Phew–good job! If you’ve read that far, you have a very solid background in pooled, fixed effects, and random effects estimators. Now, let’s proceed to the meat of this section: How I used the random effects estimator to estimate correlations within time-invariant settings.

The fixed effects estimator is simple and effective–making it a popular tool amongst applied empirical researchers working with panel data sets. However, one of its main strengths can also be a major drawback. Recall that a fixed effects estimator demeans fully over time, aka it removes everything within a group that doesn’t vary over time. This makes it impossible to interact time-invariant variables with a fixed effects estimator because, well, it would just be removed!

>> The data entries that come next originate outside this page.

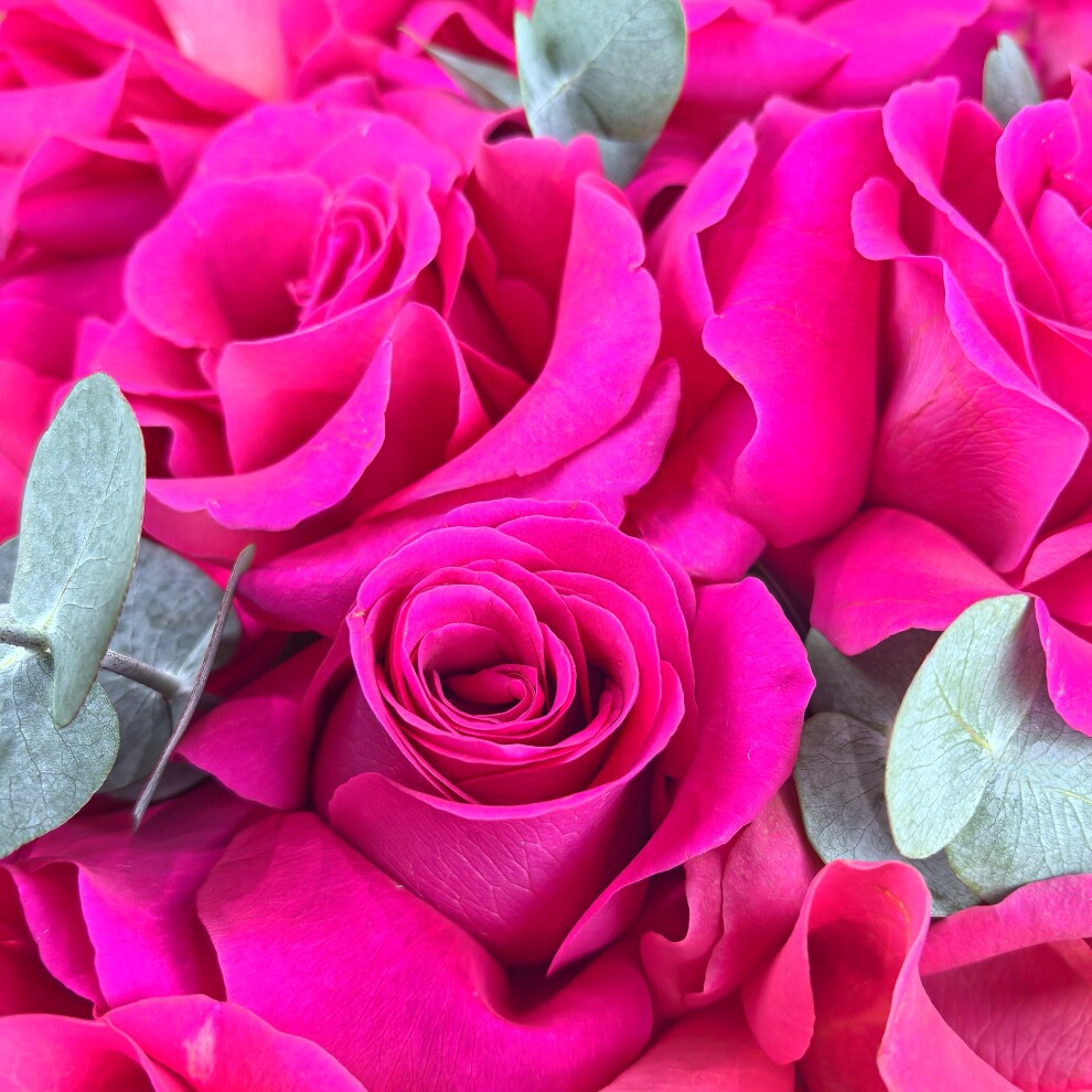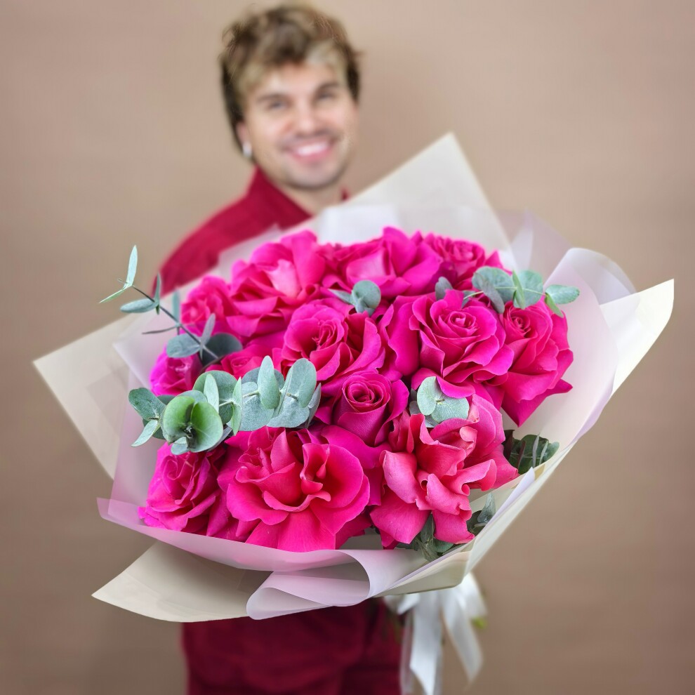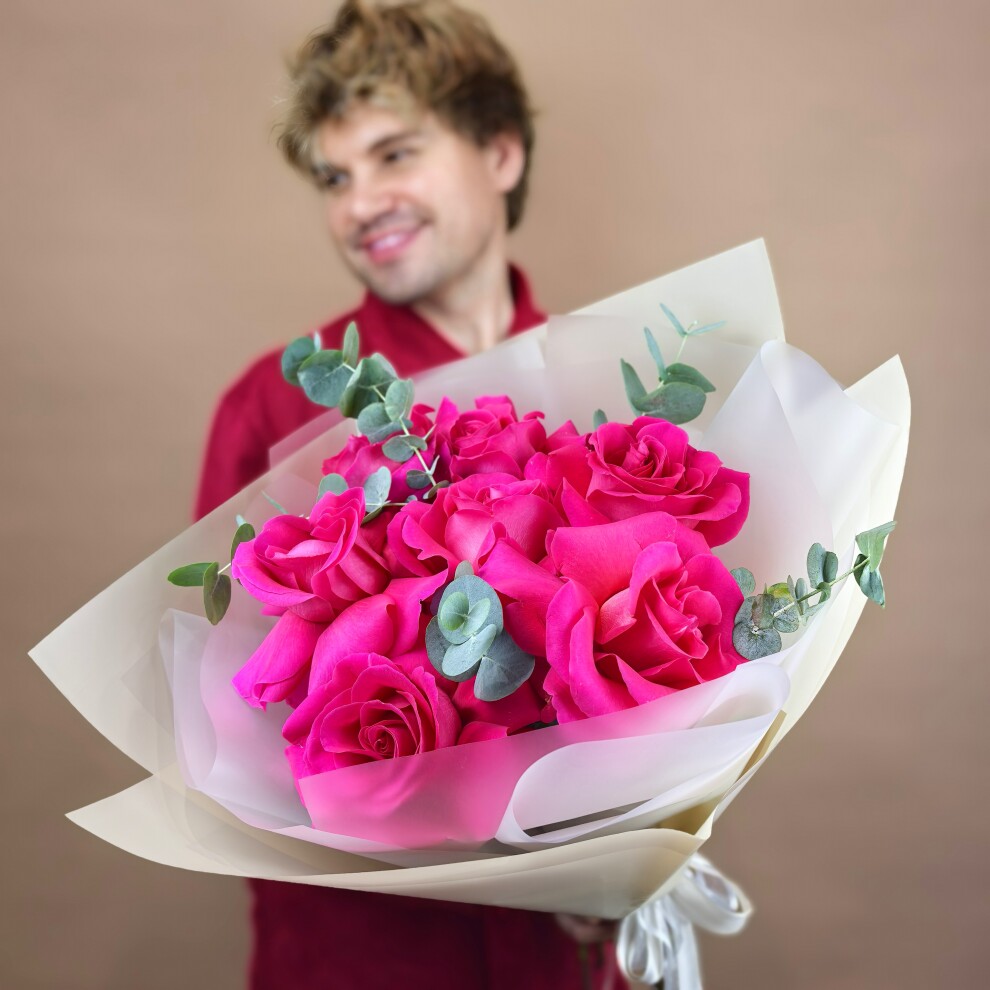 Ярко-розовые розы, словно воплощение страсти и любви, создают атмосферу тепла и романтики.
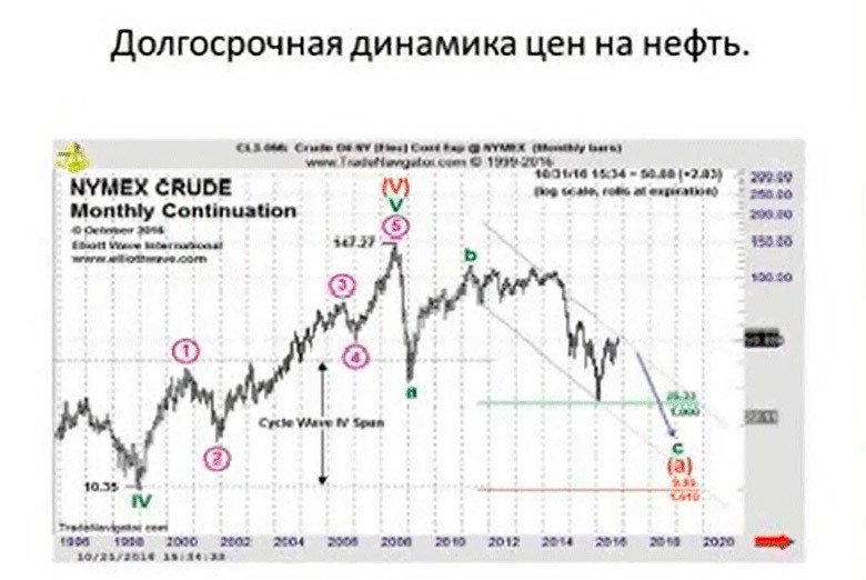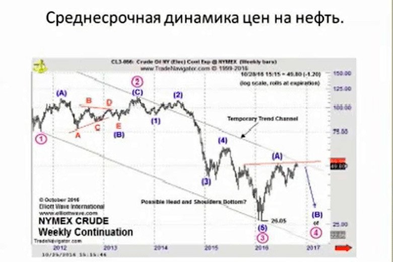 Два месяца назад Пректер выпустил «теоретика», где они взяли свои прогнозы по нефти за последние 30 лет и популярно на графиках показали, как работают прогнозы теории Эллиотта, и что потом происходит с нефтью. Результаты в среднесрочной перспективе — год, два — просто поражающие. Попадание 100%. За 30 лет. Причём Эллиотт ловит и существенные низы, и существенные верхи, и всё остальное. А весь фундаментальный анализ, который основан на балансе спроса и предложения — они [команда Пректера] над ним просто смеются. И правильно делают. Потому что нефть была 120, потом была 30, а мировой баланс спроса и предложения изменился, может быть, на 2-3% в ту или иную сторону. Если вы пытаетесь этим объяснить падение нефти в 4 раза, то, наверное, вы не на правильном пути. Их разметка, с которой я в данный момент согласен, говорит, что в среднесрочной перспективе (год, полтора) мы будем видеть цены, которые значительно ниже существующих уровней.
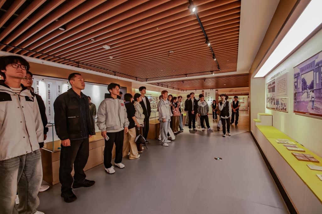 在学科建设、科研成就、校友风采等特色展区,学生们驻足沉思、细致研读,不时就展品背后的历史故事展开交流探讨。老一辈科研工作者攻坚克难的坚守、优秀校友扎根行业报效国家的事迹,为青年学子注入了强大的精神动力。
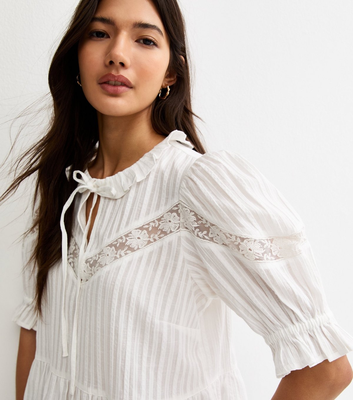 The New Look White Striped Ruffle Tie Neck Blouse is ideal for casual, daytime.
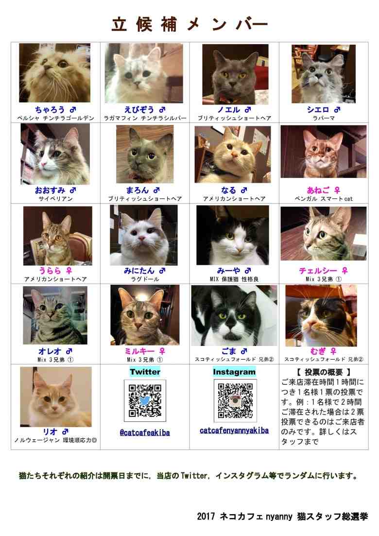 当店では,初めて行う総選挙です。それぞれの猫スタッフに熱烈なファンがおり、大幅な激戦が予想されます。ご来店滞在時間1時間につき1票ずつ投票できますので,是非ともたくさんのお客様にご投票頂きたいと思います。
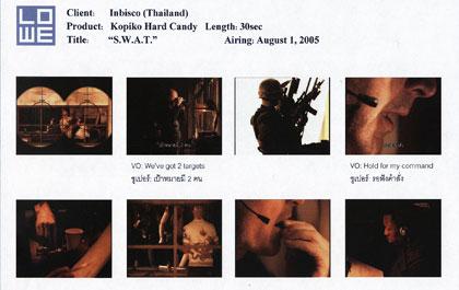 ลูกอมรสกาแฟตราโกปิโก้ – Kopiko โดยบริษัท อินบิสโก้ ประเทศไทย จำกัด – Inbisco (Thailand) ออกภาพยนตร์โฆษณาชุด “S.W.A.T” ผลิตโดยบริษัท สกายเอ็กซิทส์ จำกัด Sky Exits ภายใต้บริษัท โลว์ ลิมิเต็ด Lowe Limited ความยาว 30 วินาที แนวคิดคือ ความอร่อยของลูกอมโกปิโก้ ทำให้ลืมตัวไม่สามารถควบคุมตัวเองได้ ทั้งนี้เพื่อให้แบรนด์โกปิโก้เป็นแบรนด์อันดับแรกที่ผู้บริโภคนึกถึง และตอกย้ำว่าลูกอมโกปิโก้รสชาติกาแฟแท้ มุ่งกลุ่มวัยทำงานอายุ 20 ปีขึ้นไปที่ชื่นชอบกาแฟ โดย ภาพยนตร์โฆษณาชุดนี้ได้รับรางวัล “บรอนซ์” จากงาน AdMan Award ปี 2005 ในประเภท สินค้าขนมขบเคี้ยว
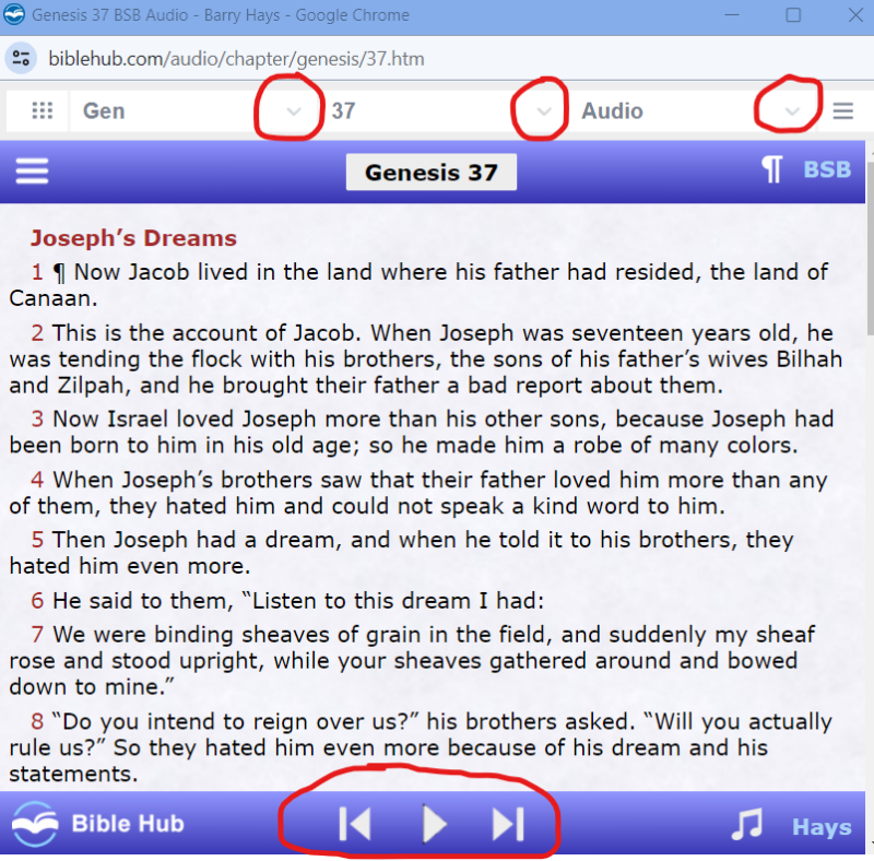 The arrows to the right of each box jumps to different chapters and verses and changes the Audio's voice.
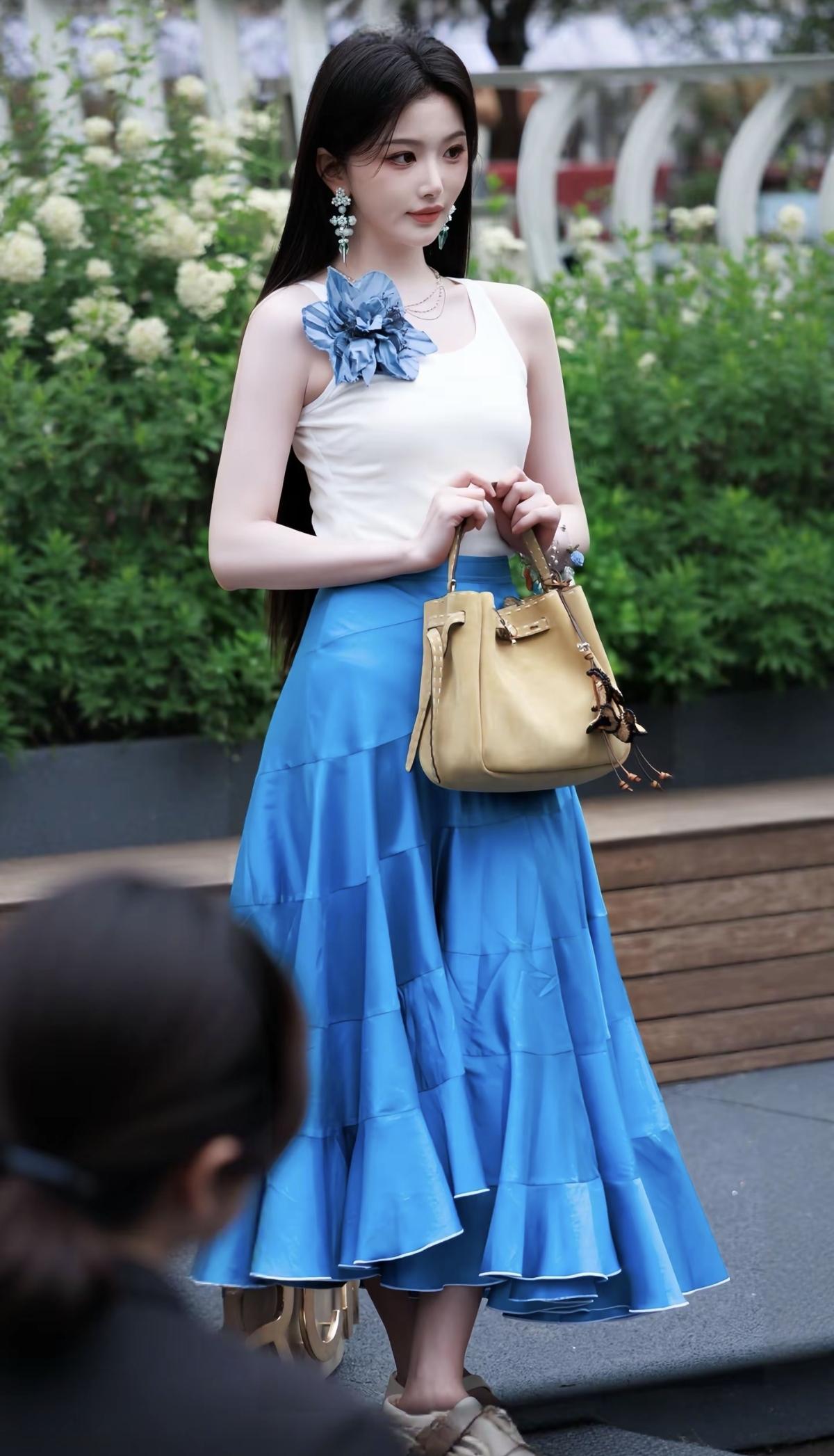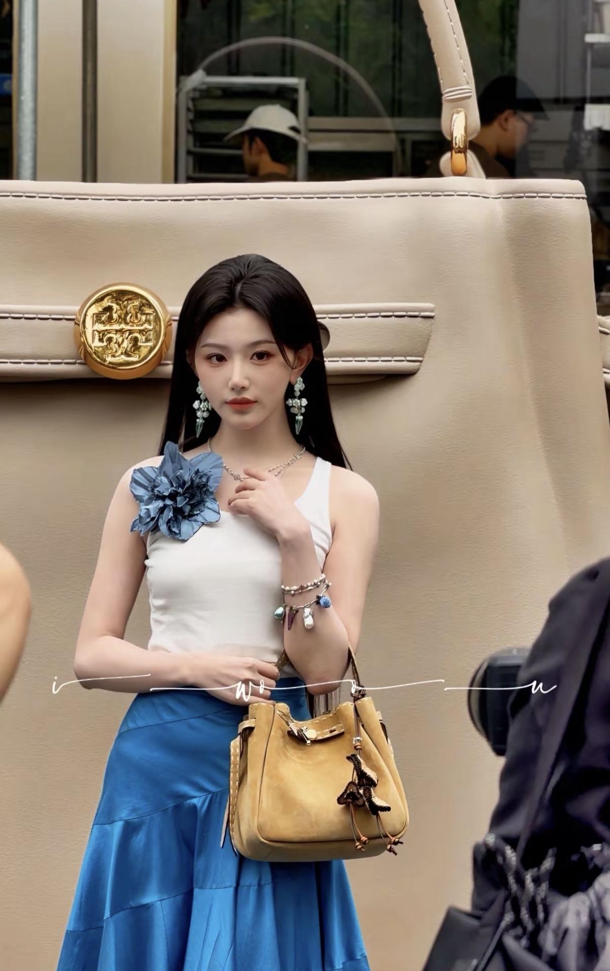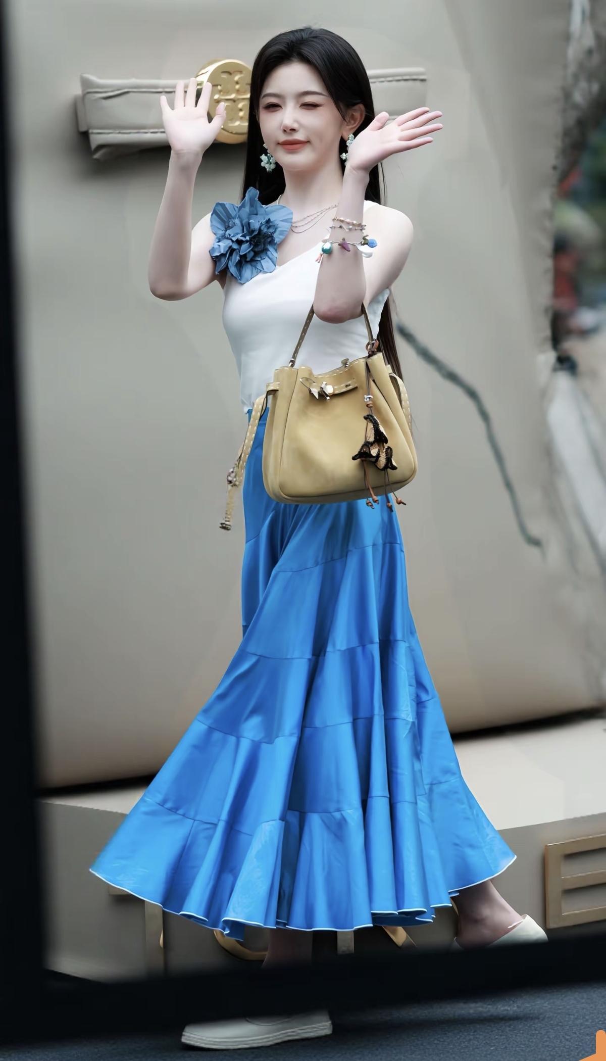 孔雪儿蓝白撞色的温柔千金,自带松弛贵气感[比心]孔雪儿从镜头里走出来的画报美人,
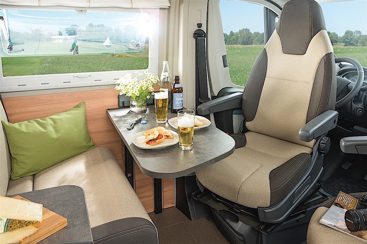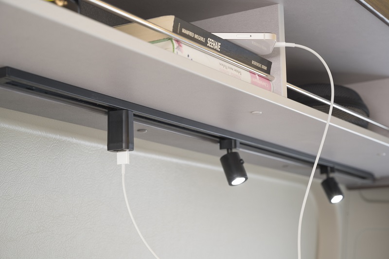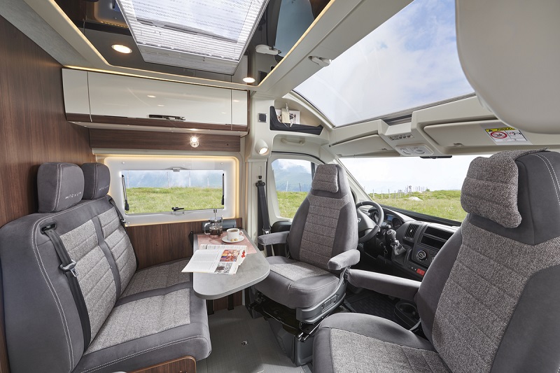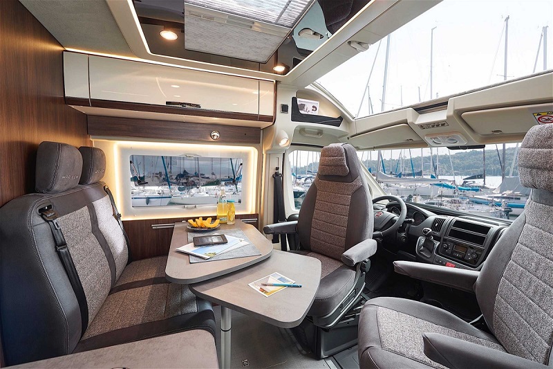 La passerella viene chiusa, in gran bellezza, dagli allestimenti Summit Shine che arricchiscono la dinette con configurazioni multiple e sedute di ispirazione automobilistico, una cappelliera apribile all’occorrenza, cornici alle finestre con illuminazione indiretta, nuovo binario elettrificato sotto ai pensili per decidere di posizionare liberamente faretti spot e prese USB.
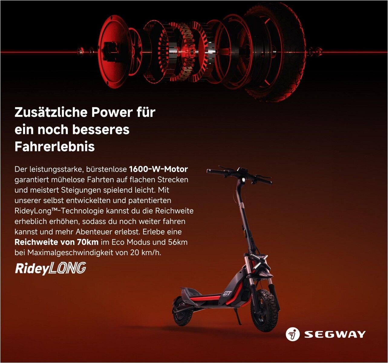 Ausgestattet mit einem 1600-Watt bürstenlosen Motor bietet der ZT3 Pro D kraftvolle Beschleunigung und bewältigt Steigungen von bis zu 25 % mühelos. Die maximale Geschwindigkeit beträgt 20 km/h, ideal für den Stadtverkehr. Dank der innovativen RideyLong™-Technologie und der 597-Wh-Batterie erreichst du eine theoretische Reichweite von bis zu 70 km, bei voller Geschwindigkeit sind es immer noch beeindruckende 56 km – perfekt für lange Fahrten ohne ständiges Nachladen.
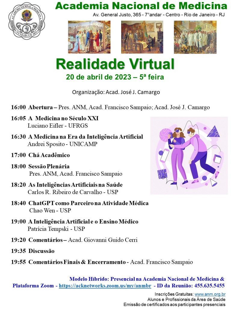 O uso de inteligência artificial (IA) está sendo cada vez mais abordado, e foi tema do simpósio da última semana na Academia Nacional de Medicina (ANM). O assunto Realidade Virtual foi organizado pelo Acadêmico José J. Camargo, com intuito de mostrar “o que já existe e o que está para existir em inteligência artificial, em relação à atividade e ensino médico”, afirmou o Presidente Acad. Francisco Sampaio.
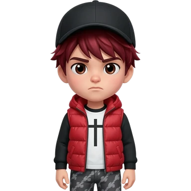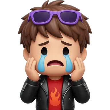 Cool Roblox boy avatar emoji, brown hair, purple sunglasses, smiling face, black leather jacket, red shirt with flame design, gray jeans, confident pose with one hand raised, playful and stylish vibe, 3D cartoon style, bright lighting, cute gaming emoji style emoji | AI Emoji Generator
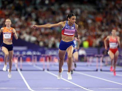 La neerlandesa Femke Bol sucumbió al intentar seguir el ritmo imponente de la norteamericana en las primeras vallas y termina tercera
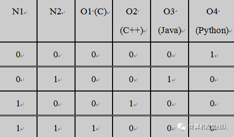 我们将训练 N1,当它一看到C 或C++,设置y1=1,看到Java或Python,它将设置y1=0。同理训练N2,当它看到C 或Java,设置y2=1,看到C++ 或Python,设置y2=0。此外,N1 和N2 将输出1 或0 给Oi。现在如果N1 看到C 或C++,而且N2 看到C 或者Java,那么难题中的代码是C。而如果N1 看到C 或C++,N2 看到C++ 或Python,那么代码就是C++。这个模式很显而易见。所以假设Oi 已被培训并根据下面表格的情况输出1 或0。

Luckily, we learned that we have a tool at our disposal that functions similarly to the fixed effects estimator, but doesn’t fully demean across both dimensions.

I used a random effects model to analyze how the correlation between financial aid and international student enrollment changes within time-invariant institutional settings. This is really important because there is strong evidence (see, Bicak & Taylor 2021) that time-invariant institutional characteristics, e.g., research activity, location, and sector, are amongst the most important predictors of enrollment. My random effects specification interacts a categorical dummy variable for each of those time-invariant institutional characteristics with the financial aid variable.

By using the the across-group variance \(\textcolor{blue}{\sigma_{\delta}^{2}}\) I can still account for the across-group differences without having to fully demean across them. Isn’t that cool?

The coefficients on these interaction terms showed the marginal differences in enrollment changes across institutional settings. Summa summarum, this is a sneaky way to circumvent the principal weakness of the fixed effects estimator!

P.S.: I want to thank Ben Lambert whose YouTube series made summarizing key concepts exponentially easier.